Neoadjuvant relatlimab and nivolumab in resectable melanoma.

机构信息

Department of Melanoma Medical Oncology, The University of Texas MD Anderson Cancer Center, Houston, TX, USA.

Department of Medicine, Memorial Sloan Kettering Cancer Center and Weill Cornell Medical College, New York, NY, USA.

出版信息

Nature. 2022 Nov;611(7934):155-160. doi: 10.1038/s41586-022-05368-8. Epub 2022 Oct 26.

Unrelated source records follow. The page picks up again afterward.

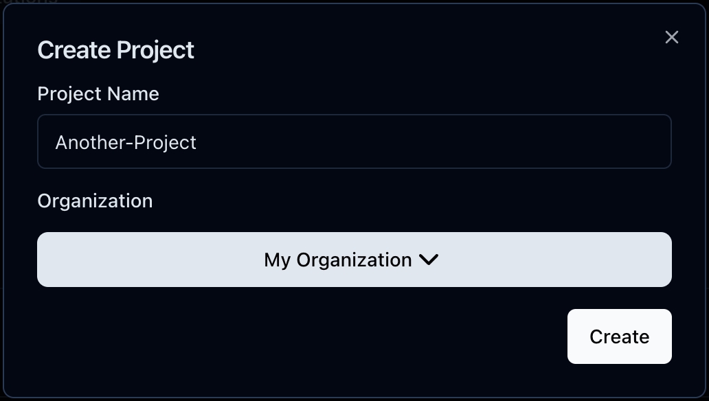 You can then click Projects on the right and Crete Project. If you create a project on this page, the organization field will be pre-selected and can't be changed.
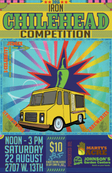 There will also be a food truck competition with 11 of Wichita's favorite food trucks and restaurants competing for the Iron ChileHead! There is no charge for the food truck competition, except for the menu items purchased at the individual trucks, which include: The Anchor, BS Sandwich Press, Chino's Parrilla, Douglas Avenue Chop Shop, Fork & Fennel, The Kamayan Food Truck, Kind Kravings, Let 'Em Eat Brats, Lynn's Curbside Cookout & Mr. Natural Soul Kitchen.
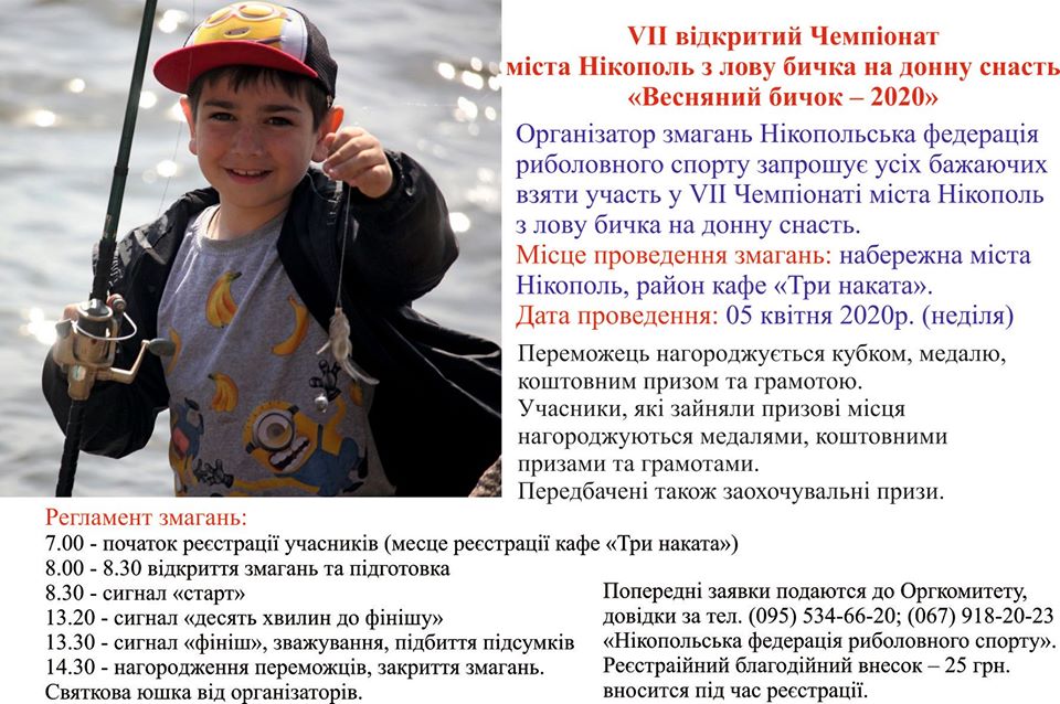 Нікопольська федерація риболовного спорту запрошує до участі у VII Чемпіонаті міста Нікополь з лову бичка на донну снасть усіх хто бажає.
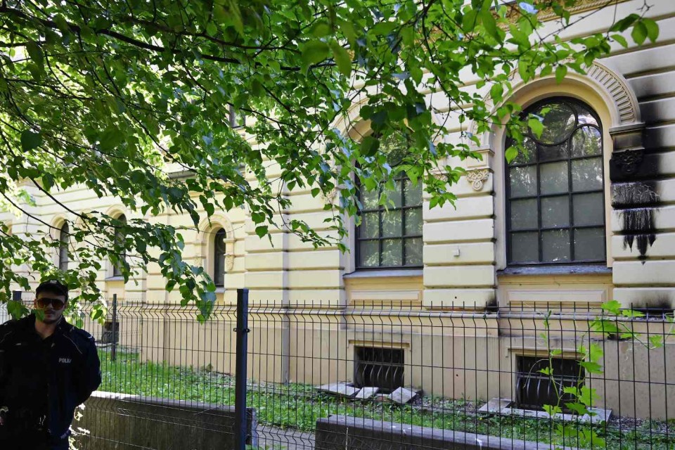 An AFP journalist at the scene saw a black stain across a window that appeared to have been caused by flames, but there was no major damage to the synagogue.
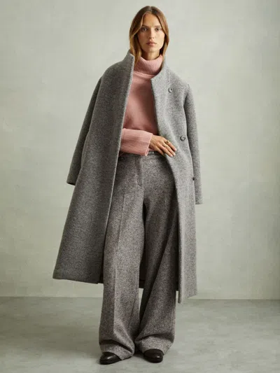 Grey Textured Wool Blend Wide Leg Suit Trousers In Gray
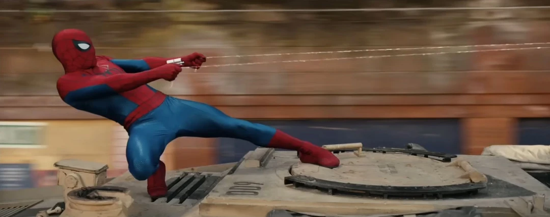 스파이더맨은 유탄 발사기를 맞고 날아가며 스파이더맨은 결국 양쪽 손 웹슈터를 발사해 거미줄를 당기며,거미줄을 놓았다.
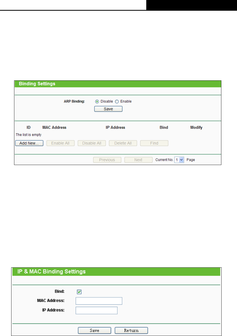 This page displays the IP & MAC Binding table; you can operate it in accord with your desire.
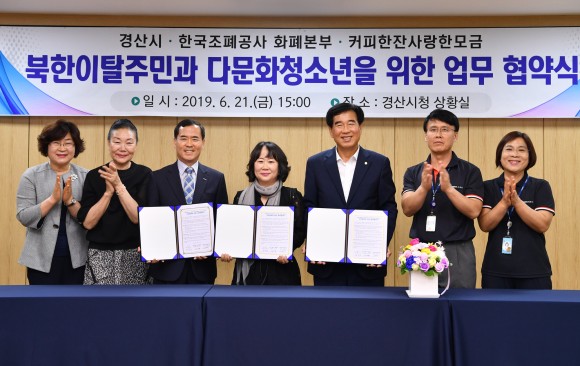 이번 협약은 경산시와 한국조폐공사 화폐본부와 커피한잔사랑한모금이 북한이탈주민과 다문화가정 청소년들에게 다양한 문화, 체육활동 및 생활 지원을 통하여 이들이 지역 내 안정적으로 정착할 수 있도록 돕기 위함이다.
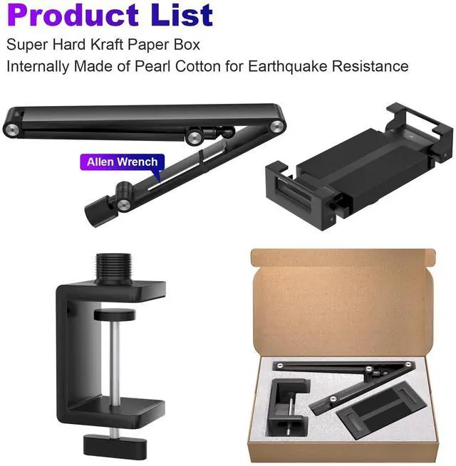 Extended Long ArmThe 3-section long arm tablet stand is easy to install. It offers a longer reach and greater flexibility, making it an ideal helper for using tablets in various scenariossuch as watching movies, playing games, reading, checking recipes, and more.

DOI:10.1038/s41586-022-05368-8
PMID:36289334
原文链接:https://pmc.ncbi.nlm.nih.gov/articles/PMC9607737/
Abstract

Relatlimab and nivolumab combination immunotherapy improves progression-free survival over nivolumab monotherapy in patients with unresectable advanced melanoma. We investigated this regimen in patients with resectable clinical stage III or oligometastatic stage IV melanoma (NCT02519322). Patients received two neoadjuvant doses (nivolumab 480 mg and relatlimab 160 mg intravenously every 4 weeks) followed by surgery, and then ten doses of adjuvant combination therapy. The primary end point was pathologic complete response (pCR) rate. The combination resulted in 57% pCR rate and 70% overall pathologic response rate among 30 patients treated. The radiographic response rate using Response Evaluation Criteria in Solid Tumors 1.1 was 57%. No grade 3-4 immune-related adverse events were observed in the neoadjuvant setting. The 1- and 2-year recurrence-free survival rate was 100% and 92% for patients with any pathologic response, compared to 88% and 55% for patients who did not have a pathologic response (P = 0.005). Increased immune cell infiltration at baseline, and decrease in M2 macrophages during treatment, were associated with pathologic response. Our results indicate that neoadjuvant relatlimab and nivolumab induces a high pCR rate. Safety during neoadjuvant therapy is favourable compared to other combination immunotherapy regimens. These data, in combination with the results of the RELATIVITY-047 trial, provide further confirmation of the efficacy and safety of this new immunotherapy regimen.

摘要

雷利单抗和纳武利尤单抗联合免疫疗法改善了不可切除晚期黑色素瘤患者的无进展生存期,优于纳武利尤单抗单药治疗。我们在可切除的临床 III 期或寡转移性 IV 期黑色素瘤患者(NCT02519322)中研究了该方案。患者接受了两剂新辅助治疗(每 4 周静脉注射纳武利尤单抗 480mg 和雷利单抗 160mg),然后进行手术,然后接受了 10 剂辅助联合治疗。主要终点是病理完全缓解(pCR)率。在 30 名接受治疗的患者中,联合治疗的 pCR 率为 57%,总病理缓解率为 70%。使用实体瘤反应评估标准 1.1 评估的放射反应率为 57%。在新辅助治疗中未观察到 3-4 级免疫相关不良事件。任何病理反应患者的 1 年和 2 年无复发生存率分别为 100%和 92%,而无病理反应患者分别为 88%和 55%(P=0.005)。基线时免疫细胞浸润增加,治疗期间 M2 巨噬细胞减少与病理反应相关。我们的结果表明,雷利单抗和纳武利尤单抗新辅助治疗可诱导高 pCR 率。与其他联合免疫治疗方案相比,新辅助治疗的安全性更好。这些数据与 RELATIVITY-047 试验的结果相结合,进一步证实了这种新免疫治疗方案的疗效和安全性。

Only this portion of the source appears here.